**TRY IT**
Transcribe the records that follow exactly. Skip the pictures.

[Dataset records]

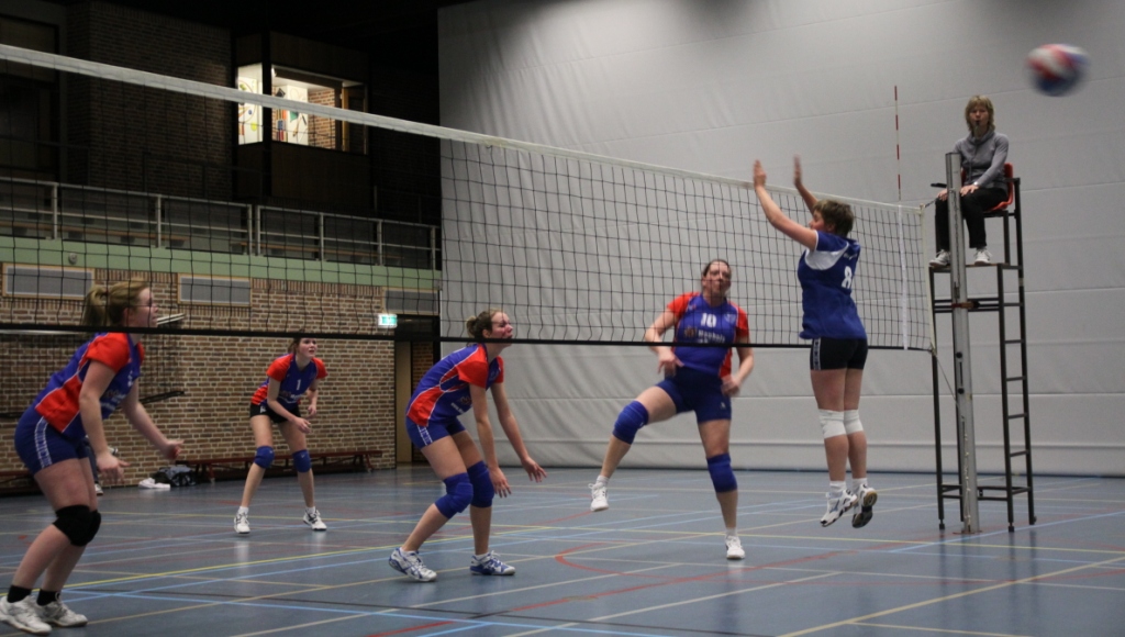 Na een time-out, aangevraagd door de aanvoerster haalden de dames de achterstand goed in. Dit deden ze door strakke tactische ballen waardoor de tegenstanders harder moesten werken om er een aanval uit te krijgen. Toen de 20 punten waren bereikt gingen de teams gelijk op tot een 27-27. De tegenstanders scoorden twee punten achter elkaar waardoor ze er met de eerste setwinst vandoor gingen. (27-29)
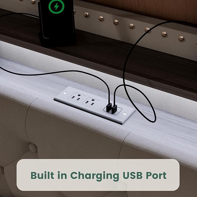 - [Convenient Charging Station]: The LED King size bed frame with its built-in outlet and two USB ports can make you easily charge the devices while in bed.
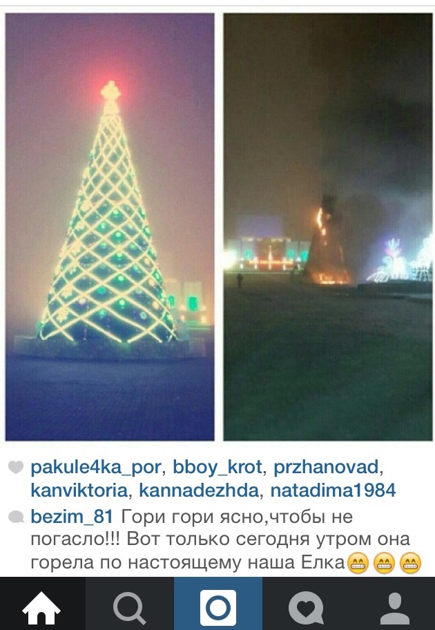 Главная новогодняя елка Кызылорды сгорела на центральной площади города, сообщает корреспондент Tengrinews.kz со ссылкой на ДЧС области.
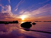 gaat 's nachts ten noorden van de poolcikel. Dit natuurverschijnsel is een hele bijzondere gebeurtenis om mee te maken. De lucht was deze avond heel spectaculair door de windveren en de reflectie van de wolken in het water van de zee en het natte zand op het strand tijdens eb.
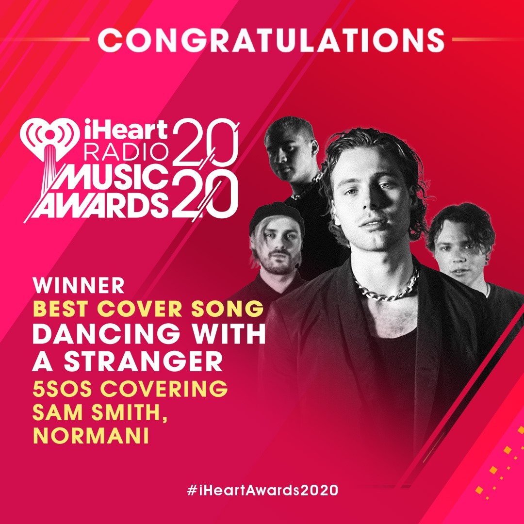 You voted so many times you almost broke our voting platform 🤣 and after tallying all of the votes, we are excited to announce that @5SOS has won #BestCoverSong at our #iHeartAwards for their amazing rendition of "Dancing With A Stranger."
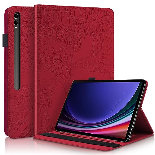 Succtopy Coque pour Samsung Galaxy Tab S10+ 2024 /S9+ Plus /S9 FE+ 12.4 Pouces 2023 Housse de Protection avec Porte-Pencil Étui à Rabat avec Support Fonction Galaxy Tab S10 Plus/S9+/S9 FE+ Rouge
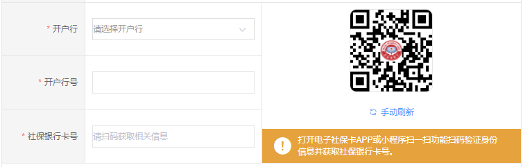 请先打开微信或支付宝搜索“电子社保卡”小程序扫码验证身份信息,或下载“电子社保卡”APP进行扫码验证,自动获取社保银行卡号(不可修改),再选择社保卡开户行。如扫码后无信息,可手工输入本人其他银行卡账号信息。

**TASK ANSWER**
 Na een time-out, aangevraagd door de aanvoerster haalden de dames de achterstand goed in. Dit deden ze door strakke tactische ballen waardoor de tegenstanders harder moesten werken om er een aanval uit te krijgen. Toen de 20 punten waren bereikt gingen de teams gelijk op tot een 27-27. De tegenstanders scoorden twee punten achter elkaar waardoor ze er met de eerste setwinst vandoor gingen. (27-29)
 - [Convenient Charging Station]: The LED King size bed frame with its built-in outlet and two USB ports can make you easily charge the devices while in bed.
 Главная новогодняя елка Кызылорды сгорела на центральной площади города, сообщает корреспондент Tengrinews.kz со ссылкой на ДЧС области.
 gaat 's nachts ten noorden van de poolcikel. Dit natuurverschijnsel is een hele bijzondere gebeurtenis om mee te maken. De lucht was deze avond heel spectaculair door de windveren en de reflectie van de wolken in het water van de zee en het natte zand op het strand tijdens eb.
 You voted so many times you almost broke our voting platform 🤣 and after tallying all of the votes, we are excited to announce that @5SOS has won #BestCoverSong at our #iHeartAwards for their amazing rendition of "Dancing With A Stranger."
 Succtopy Coque pour Samsung Galaxy Tab S10+ 2024 /S9+ Plus /S9 FE+ 12.4 Pouces 2023 Housse de Protection avec Porte-Pencil Étui à Rabat avec Support Fonction Galaxy Tab S10 Plus/S9+/S9 FE+ Rouge
 请先打开微信或支付宝搜索“电子社保卡”小程序扫码验证身份信息,或下载“电子社保卡”APP进行扫码验证,自动获取社保银行卡号(不可修改),再选择社保卡开户行。如扫码后无信息,可手工输入本人其他银行卡账号信息。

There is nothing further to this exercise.